But here’s a bit of good news: In a little-noticed section of the Democrats’ new drug pricing legislation, lawmakers for once didn’t pull that old bait-and-switch. It appears they actually took their jobs as legislators seriously and tried to prevent drugmakers from using executive branch influence to quietly get their way in the future.

A Preemptive Strike Against The Rogue Secretary

At issue is the section of the Inflation Reduction Act that allows Medicare to begin a very small program of negotiating lower drug prices. Pharmaceutical companies spent $142 million on lobbying on the matter, and that spending convinced lawmakers to water down the much-promised initiative in myriad ways. Democrats, for example, limited the provision to only cover a handful of older drugs, and put off implementation until 2026.

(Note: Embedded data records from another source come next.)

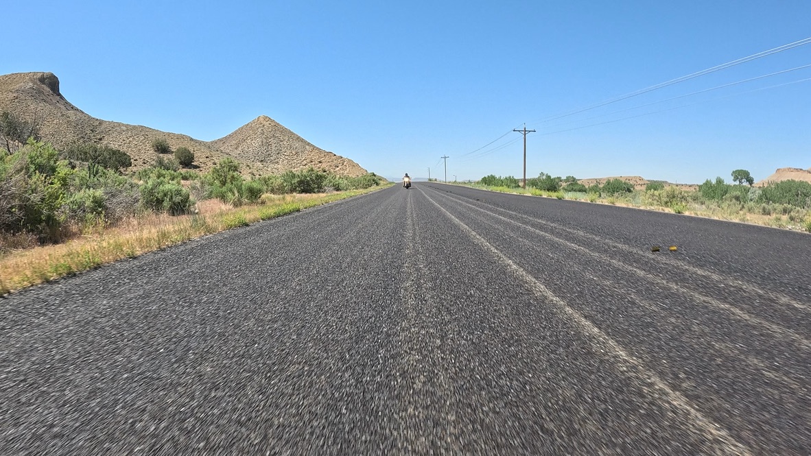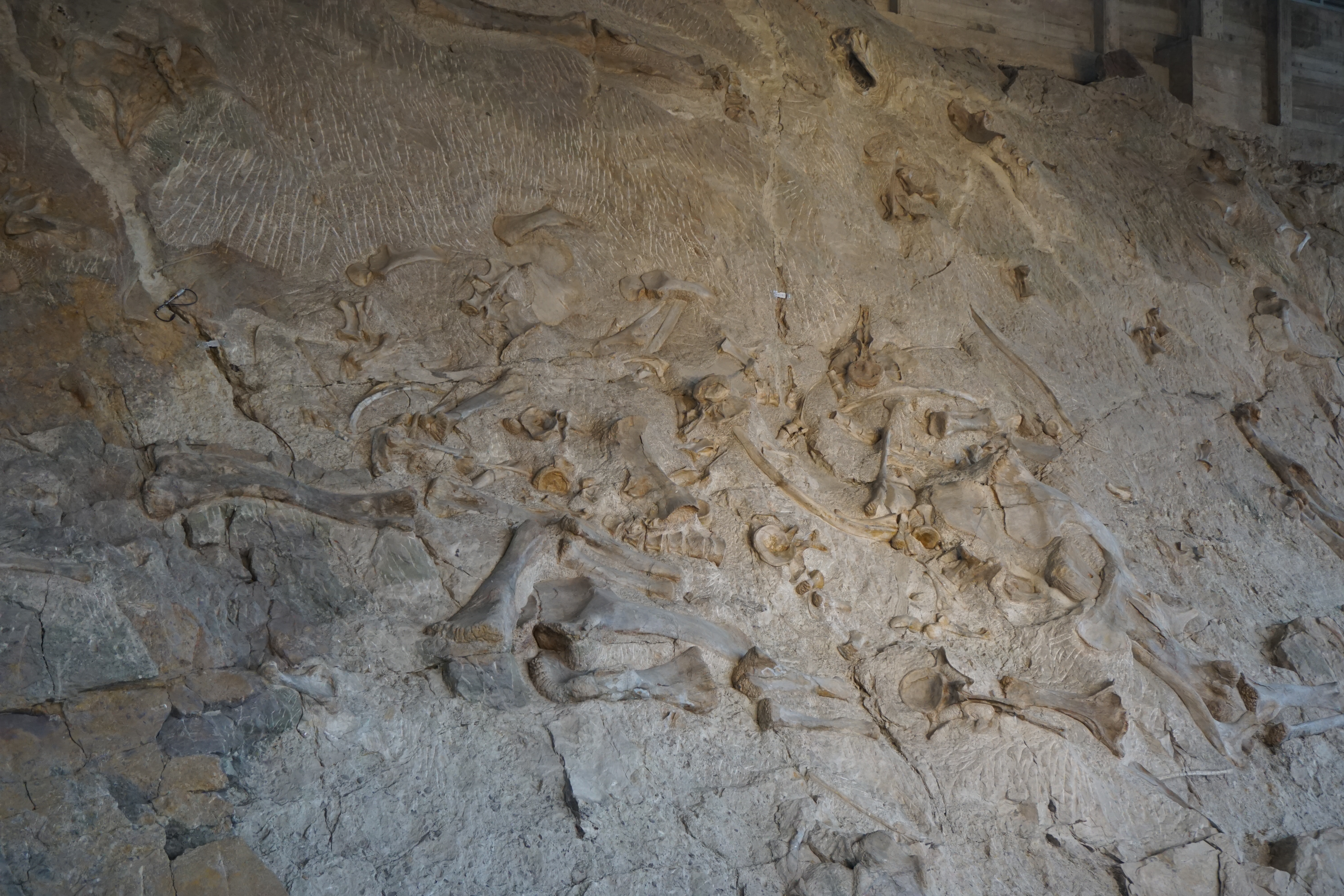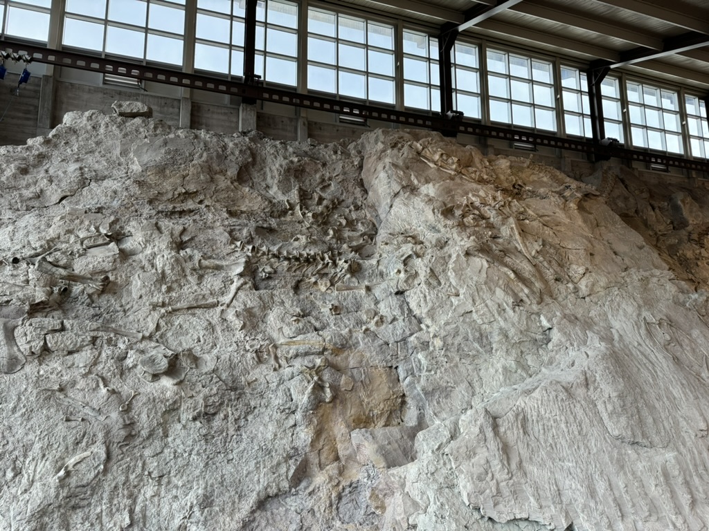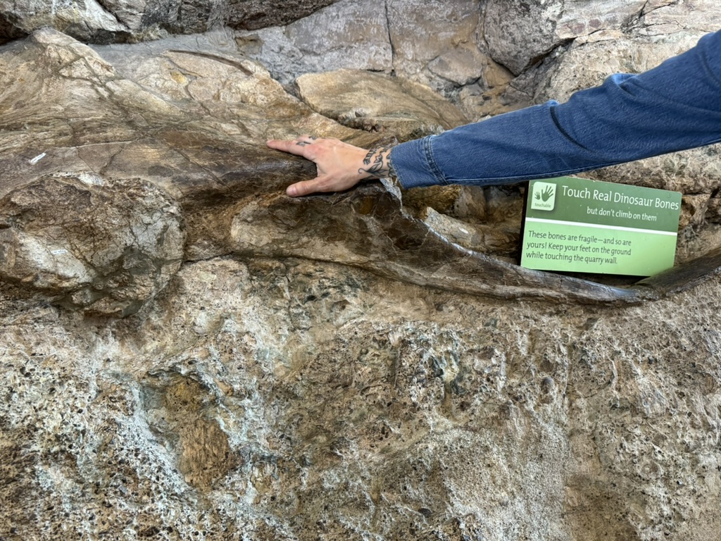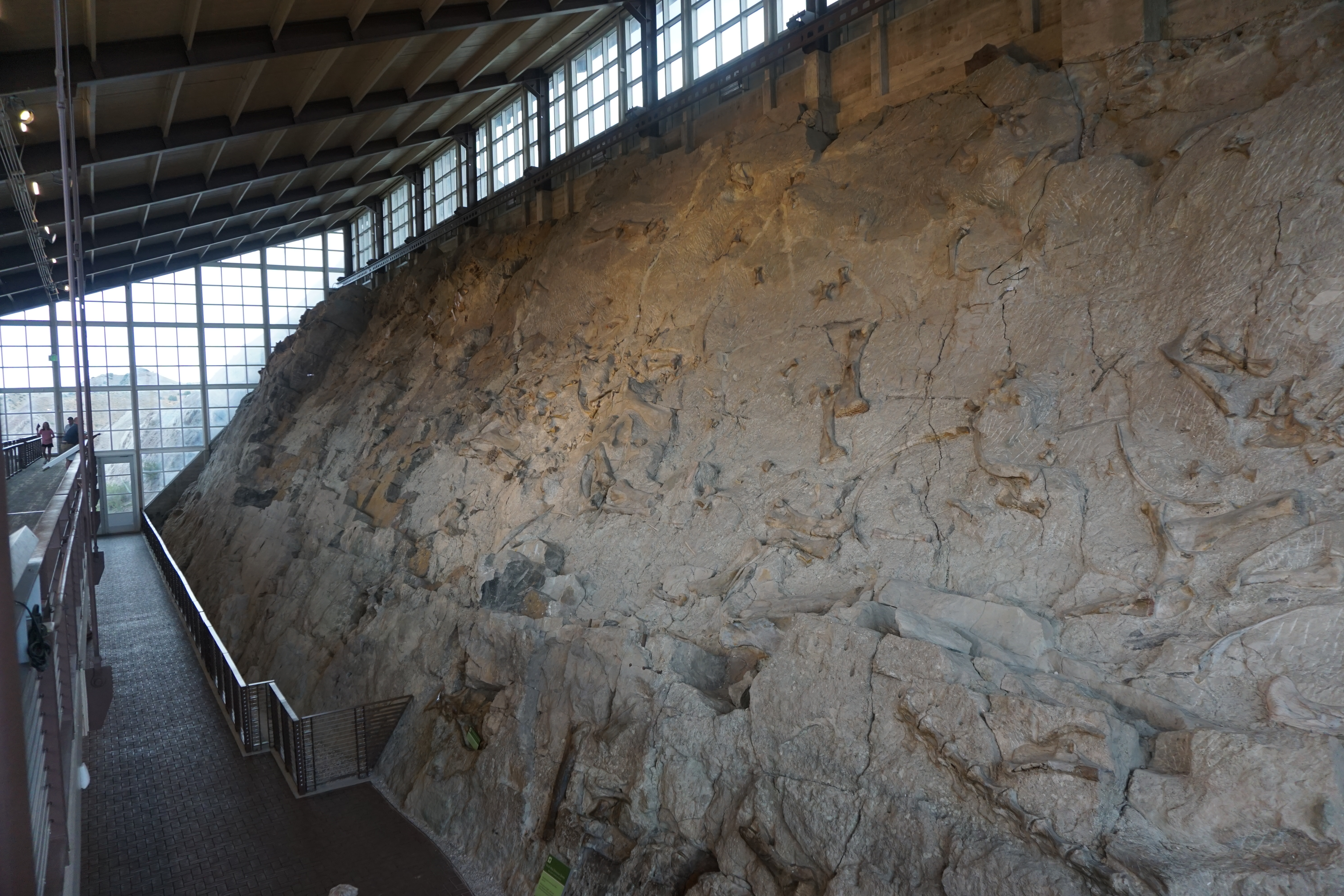 Day 2 was the start of what was going to be a long hot day. We were coming out of the Colorado mountains now and started to hit the desert. We crossed our first state line of the trip and made a quick detour to Dinosaur National Monument in Utah. I had never been but Kyle has and knew where he could take a dip in the river. I was impressed by the dramatic landscape as we rode closer to the river. Afterwards we took the shuttle from the visitors center up to the Quarry Exhibit Hall. The building is built around an area of exposed rock that holds over 1,500 dinosaur bones as well as other exhibits and information on the excavation and the surrounding area.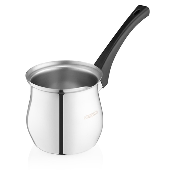Варіння кави в турці – це справжній обряд для любителів цього напою. Із туркою ARDESTO BLACK MARS об’ємом 0,64 л можна щодня насолоджуватися ароматною кавою. Виготовлена з нержавіючої сталі 18/10, товщина стінок становить 0,7 мм. Матеріал добре служить і вирізняється довговічністю. Турка має міцну, надійно закріплену бакелітову ручку. Посуд сумісний із газовими, електричними та склокерамічними плитами. Виробник не рекомендує мити в посудомийній машині. Діаметр: 8.7 см Товщина дна: 2.5 мм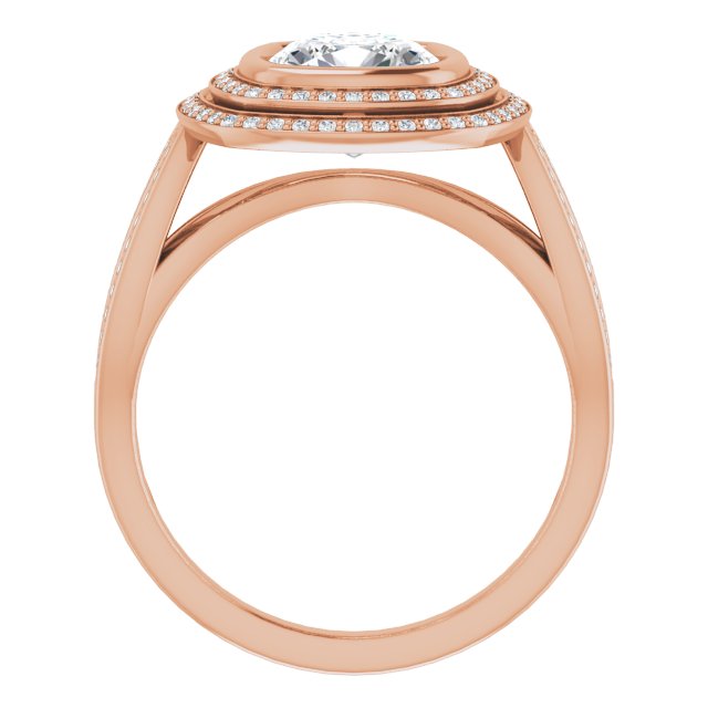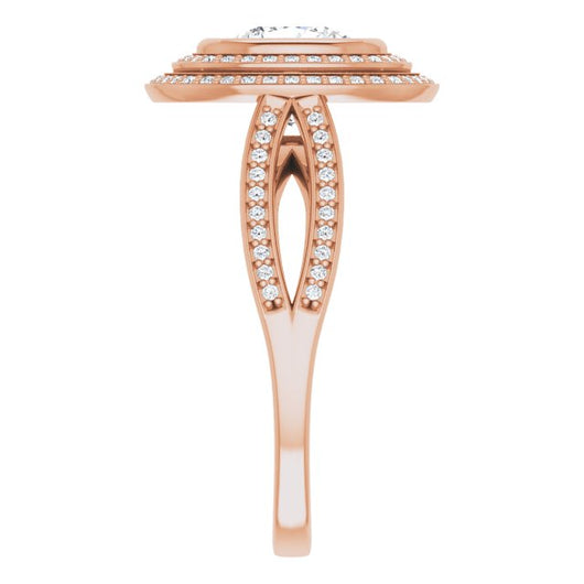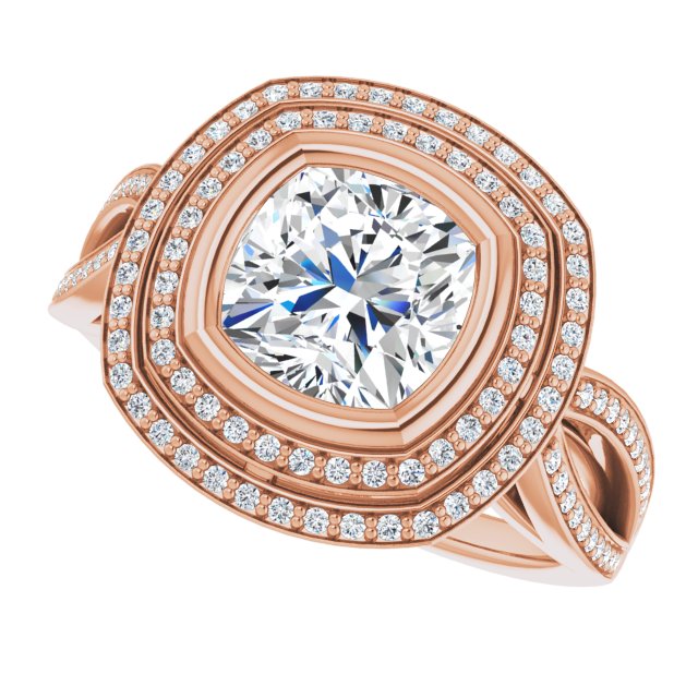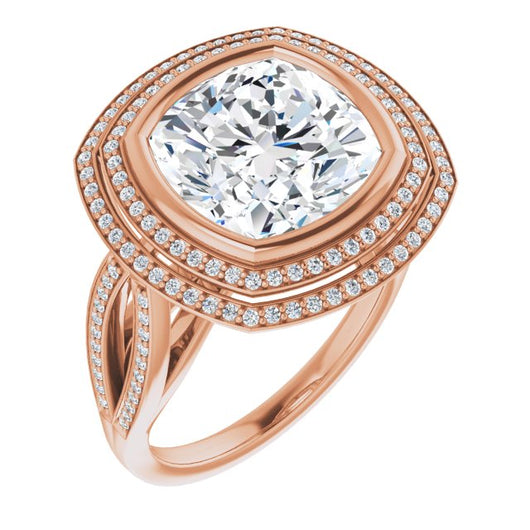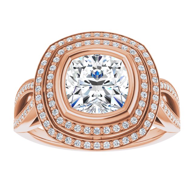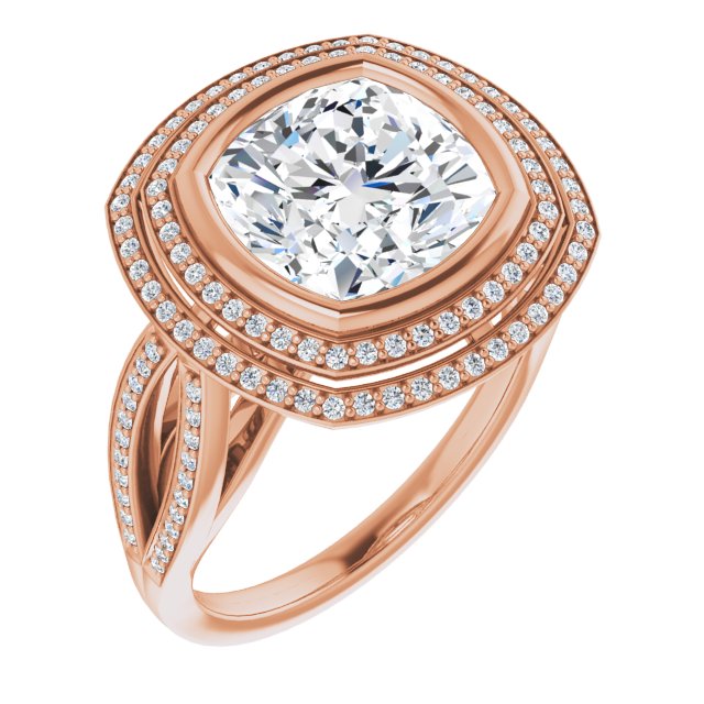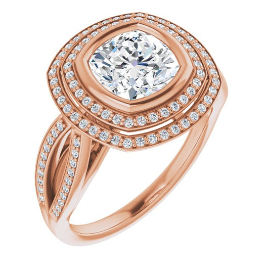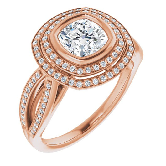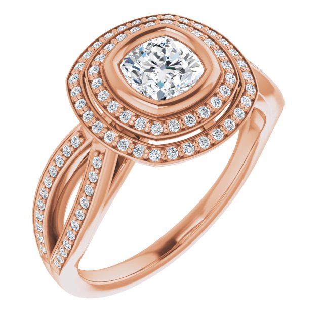 10K Rose Gold Customizable Bezel-set Cushion Cut Style with Double Halo and Split Shared Prong Band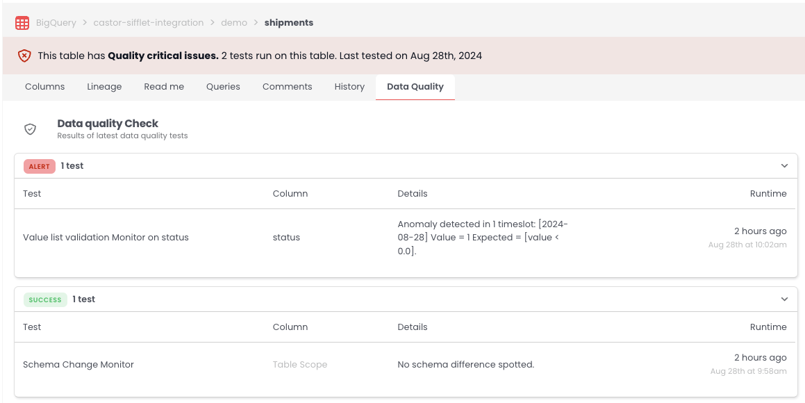 2 Sifflet Checks ran on the table shipmet, 1 succeeded and 1 raised an alert

But lobbyists couldn’t get Democrats to just drop the program outright. As important, Democrats included a provision that will make it harder for pharma lobbyists to kill the negotiation measure through executive action, like they did with drug importation efforts during the Clinton years.

Whereas the original House version of the legislation could have given a future pharma-friendly Health and Human Services (HHS) Secretary discretion to avoid negotiating lower drug prices for Medicare recipients, the Senate version of the bill overseen by Sen. Ron Wyden (D-Ore.) explicitly shut down this so-called “Rogue Secretary” loophole.

“The proposal would close a loophole in the House-passed bill that would have allowed a bad actor Republican secretary to refuse to negotiate or negotiate fewer than the maximum number of drugs,” Senate Democrats noted in a messaging document last month. “The bill now requires the Secretary to negotiate the maximum number of drugs each year, to the extent that number of drugs qualify for negotiation.”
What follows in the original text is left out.